— PROBLEM DESCRIPTION —
Each line in the material below, starting at the one with "Lista de participantes: Los" and ending at the one with "Khone Falls is", is to be reproduced exactly; no picture is to be copied.

— MATERIAL FOR THIS TASK —
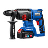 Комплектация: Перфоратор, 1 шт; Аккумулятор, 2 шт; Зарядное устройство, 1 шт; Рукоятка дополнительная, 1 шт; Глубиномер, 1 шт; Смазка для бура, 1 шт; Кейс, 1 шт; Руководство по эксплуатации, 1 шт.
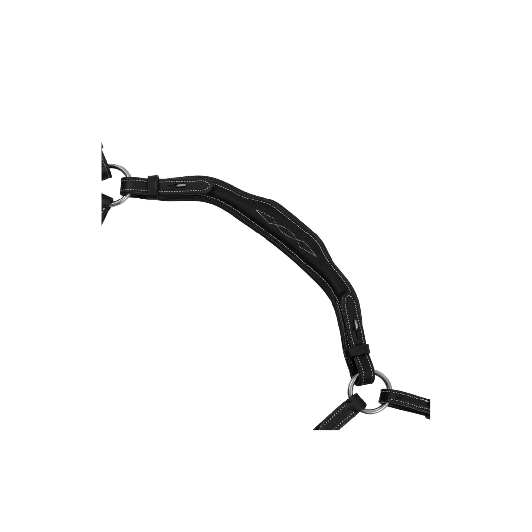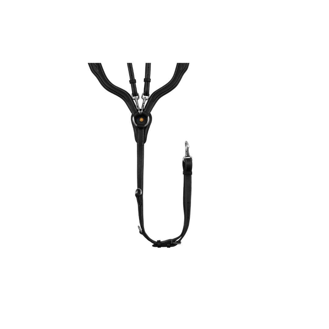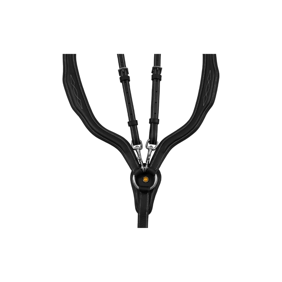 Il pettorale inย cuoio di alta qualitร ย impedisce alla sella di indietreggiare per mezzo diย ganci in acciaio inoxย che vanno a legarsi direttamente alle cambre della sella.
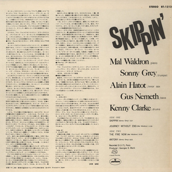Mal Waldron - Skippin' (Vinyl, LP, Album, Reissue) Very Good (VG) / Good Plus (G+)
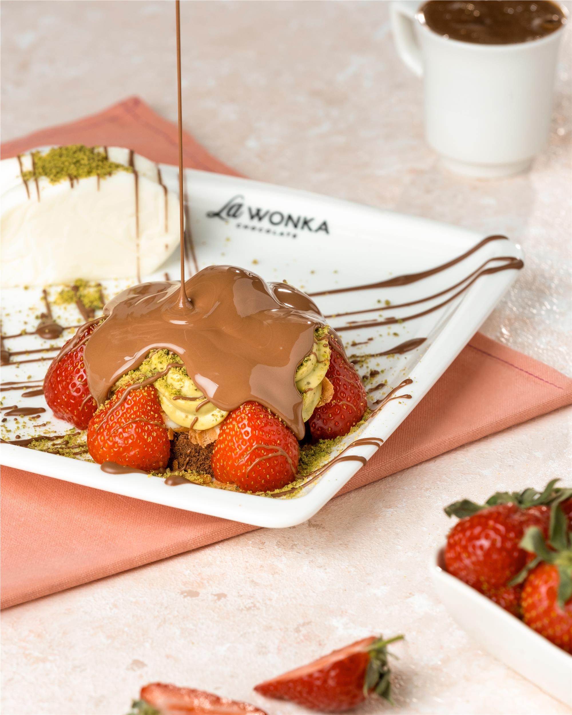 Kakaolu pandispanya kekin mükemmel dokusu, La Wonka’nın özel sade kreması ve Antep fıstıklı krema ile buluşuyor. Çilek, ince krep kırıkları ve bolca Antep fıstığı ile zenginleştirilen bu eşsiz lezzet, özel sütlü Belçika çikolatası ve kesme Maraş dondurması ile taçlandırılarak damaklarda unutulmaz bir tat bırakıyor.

--

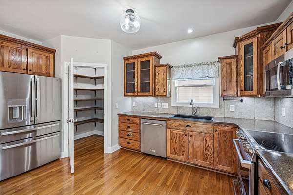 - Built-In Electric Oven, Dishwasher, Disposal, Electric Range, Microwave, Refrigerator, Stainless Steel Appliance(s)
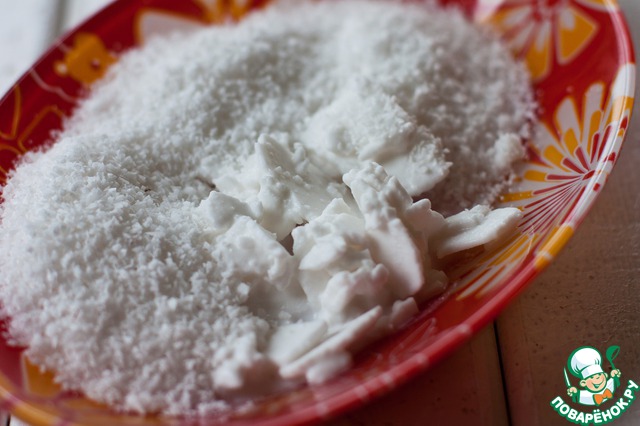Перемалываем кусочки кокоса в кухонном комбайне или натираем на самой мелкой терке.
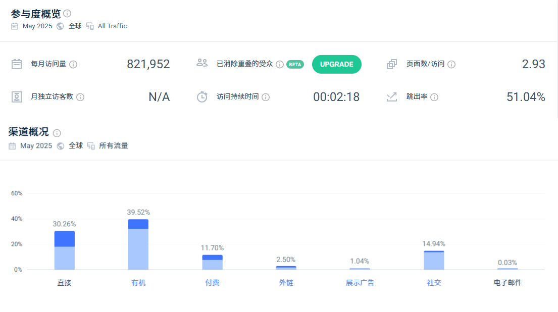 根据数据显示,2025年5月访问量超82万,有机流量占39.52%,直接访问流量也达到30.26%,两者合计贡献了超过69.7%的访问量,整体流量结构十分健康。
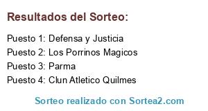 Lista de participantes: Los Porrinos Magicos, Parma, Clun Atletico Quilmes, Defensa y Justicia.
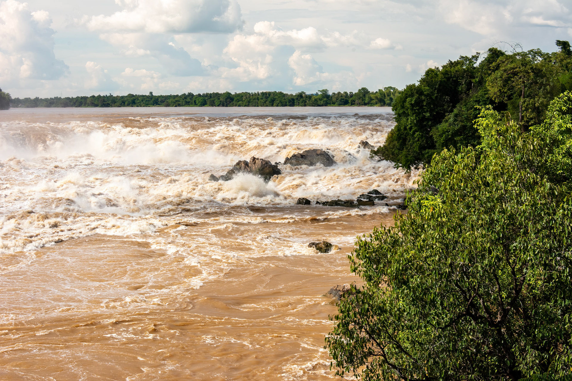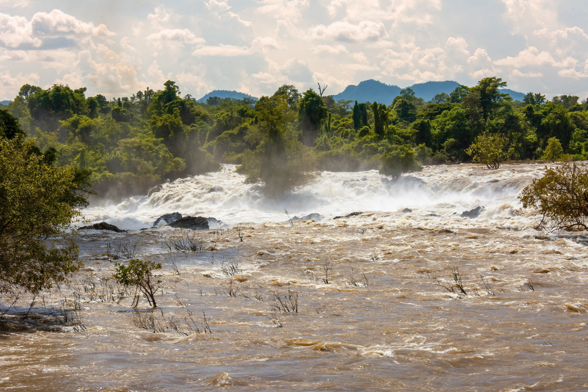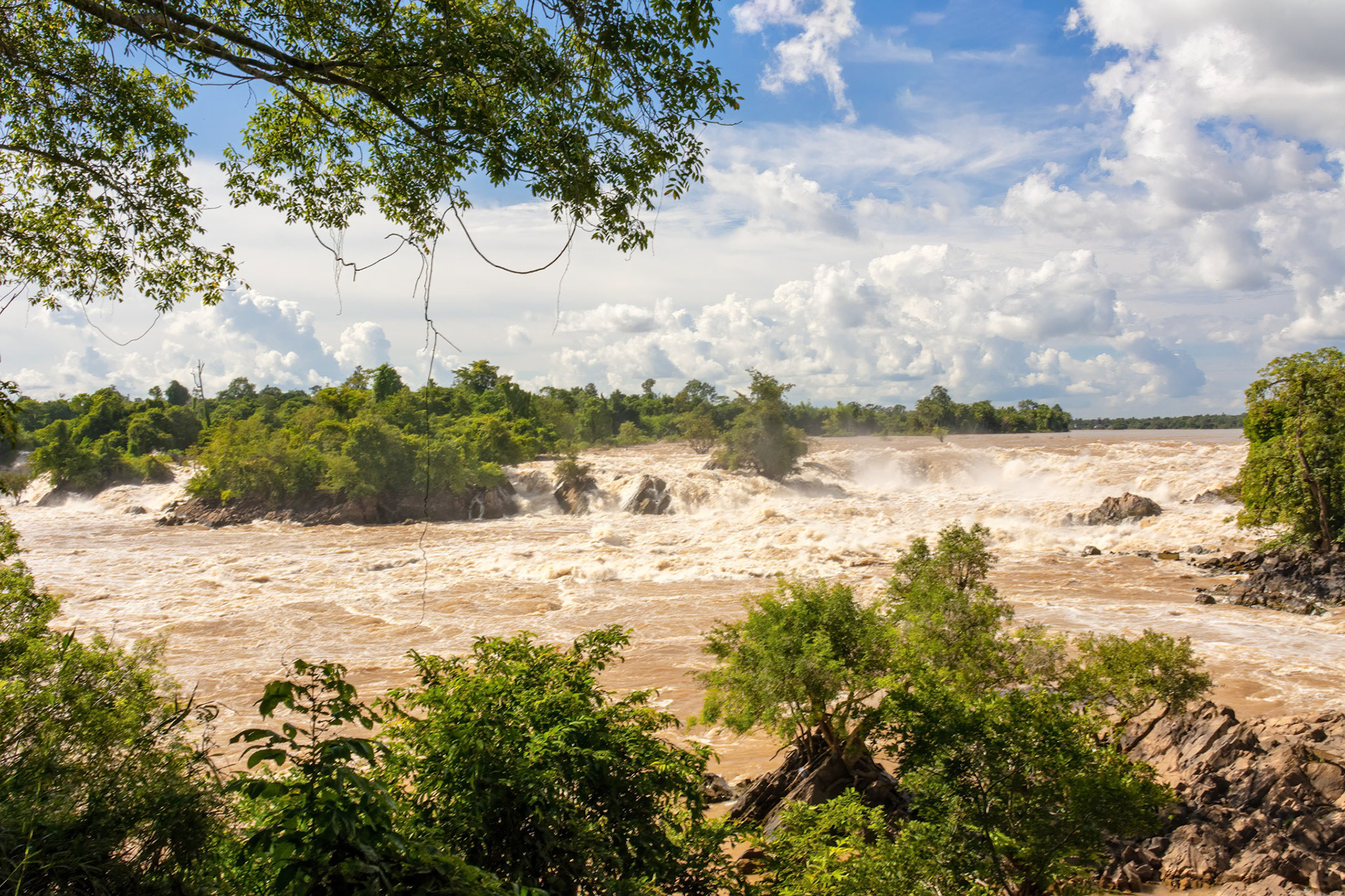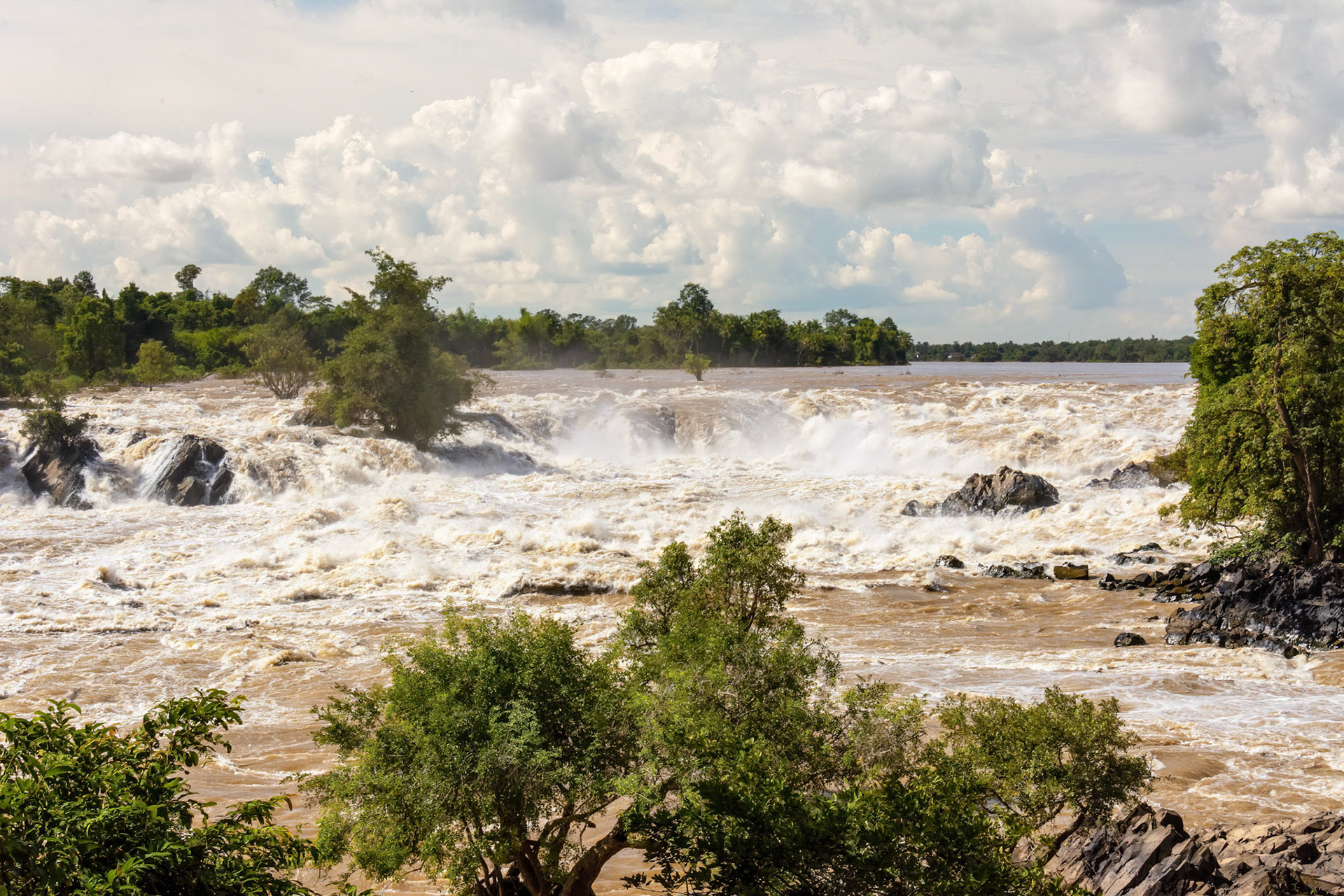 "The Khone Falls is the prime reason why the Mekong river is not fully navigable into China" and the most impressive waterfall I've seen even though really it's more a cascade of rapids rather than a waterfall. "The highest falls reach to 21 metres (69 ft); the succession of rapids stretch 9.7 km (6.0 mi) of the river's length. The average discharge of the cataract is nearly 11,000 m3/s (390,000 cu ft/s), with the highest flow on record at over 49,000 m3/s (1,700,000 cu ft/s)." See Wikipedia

— ANSWER AREA —
 Lista de participantes: Los Porrinos Magicos, Parma, Clun Atletico Quilmes, Defensa y Justicia.
 "The Khone Falls is the prime reason why the Mekong river is not fully navigable into China" and the most impressive waterfall I've seen even though really it's more a cascade of rapids rather than a waterfall. "The highest falls reach to 21 metres (69 ft); the succession of rapids stretch 9.7 km (6.0 mi) of the river's length. The average discharge of the cataract is nearly 11,000 m3/s (390,000 cu ft/s), with the highest flow on record at over 49,000 m3/s (1,700,000 cu ft/s)." See Wikipedia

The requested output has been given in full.